### Information provided:
═══

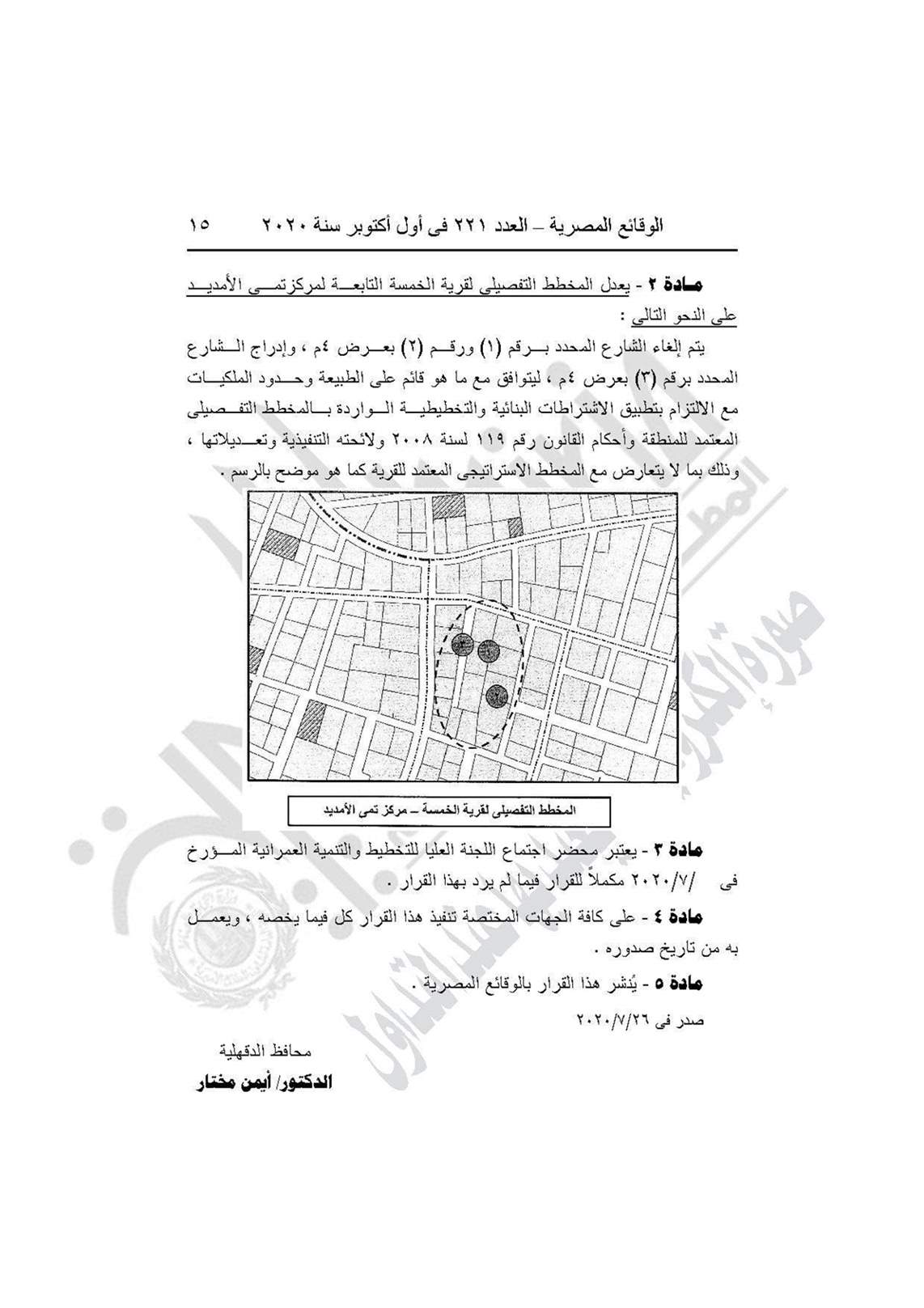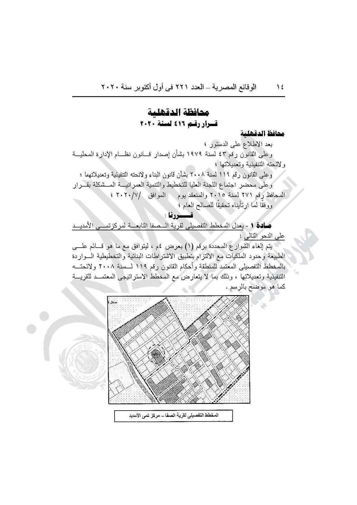 نشرت الجريدة الرسمية في عددها رقم 221، الصادر في 1 أكتوبر 2020، قرار محافظة الدقهلية رقـم 416 لسنة 2020، بشأن تعديل المخطط التفصيلي لقرية الصفا التابعة لمركز تمي الأمديد.
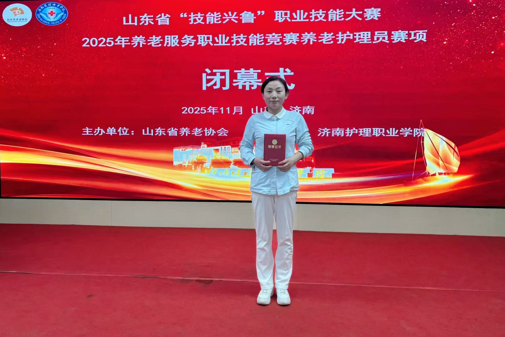 11月14日,由山东省养老协会主办的山东省“技能兴鲁”职业技能大赛2025年养老服务职业技能竞赛养老护理员赛项在济南护理职业学院圆满落幕。我院医养服务中心朱月娥经初赛、决赛层层考核,凭借扎实能力斩获全省三等奖。
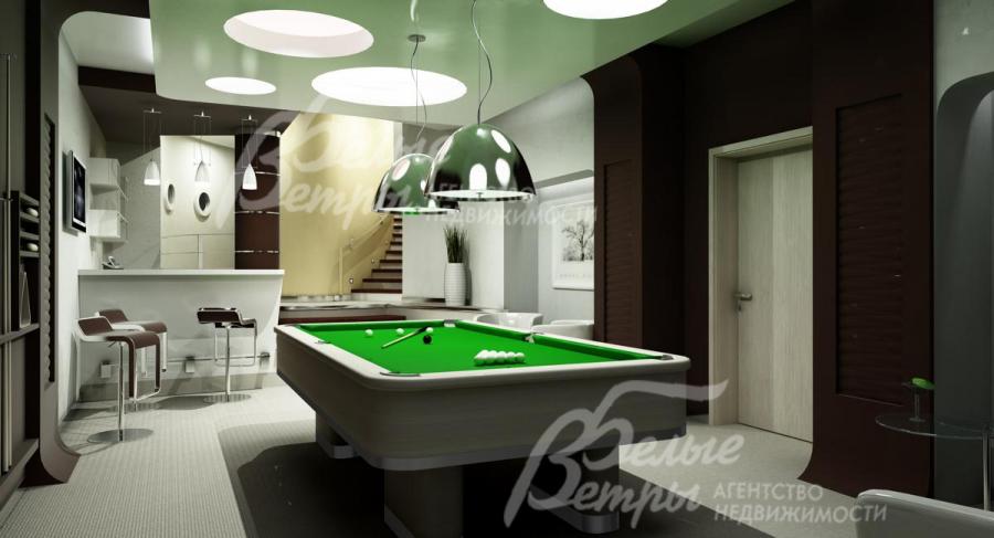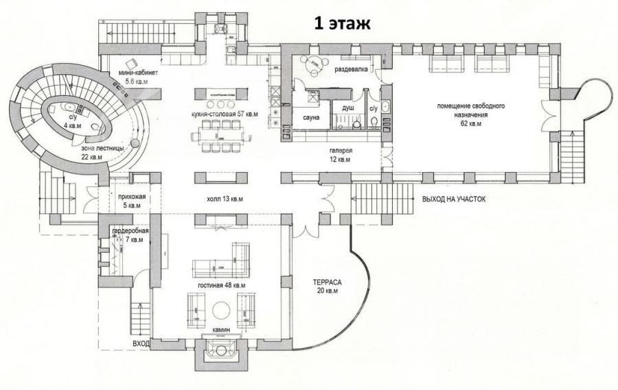 1-ый этаж: 261 кв.м: крыльцо - главный вход, прихожая 5 кв.м, гардеробная 7 кв.м с отдельным входом в коридор, гостевой санузел 4 кв.м, большая гостиная 48 кв.м с витражными окнами и уникальным немецким камином, с выходом на террасу и участок; жилая зона 62 кв.м, с отдельным входом - выходом во двор. Возможно оборудовать две спальни или спальню с гостиной. Далее примыкает блок сауны с раздевалкой, душевой и сан/узлом. Галерея 12 кв.м, кухня-столовая 57 кв.м с баром и островом, мини кабинет 5.6 кв.м, зона лестницы 22 кв.м

═══

### What you should do:
Reproduce the data above exactly, leaving each picture out.

### Exercise answer:
 نشرت الجريدة الرسمية في عددها رقم 221، الصادر في 1 أكتوبر 2020، قرار محافظة الدقهلية رقـم 416 لسنة 2020، بشأن تعديل المخطط التفصيلي لقرية الصفا التابعة لمركز تمي الأمديد.
 11月14日,由山东省养老协会主办的山东省“技能兴鲁”职业技能大赛2025年养老服务职业技能竞赛养老护理员赛项在济南护理职业学院圆满落幕。我院医养服务中心朱月娥经初赛、决赛层层考核,凭借扎实能力斩获全省三等奖。
 1-ый этаж: 261 кв.м: крыльцо - главный вход, прихожая 5 кв.м, гардеробная 7 кв.м с отдельным входом в коридор, гостевой санузел 4 кв.м, большая гостиная 48 кв.м с витражными окнами и уникальным немецким камином, с выходом на террасу и участок; жилая зона 62 кв.м, с отдельным входом - выходом во двор. Возможно оборудовать две спальни или спальню с гостиной. Далее примыкает блок сауны с раздевалкой, душевой и сан/узлом. Галерея 12 кв.м, кухня-столовая 57 кв.м с баром и островом, мини кабинет 5.6 кв.м, зона лестницы 22 кв.м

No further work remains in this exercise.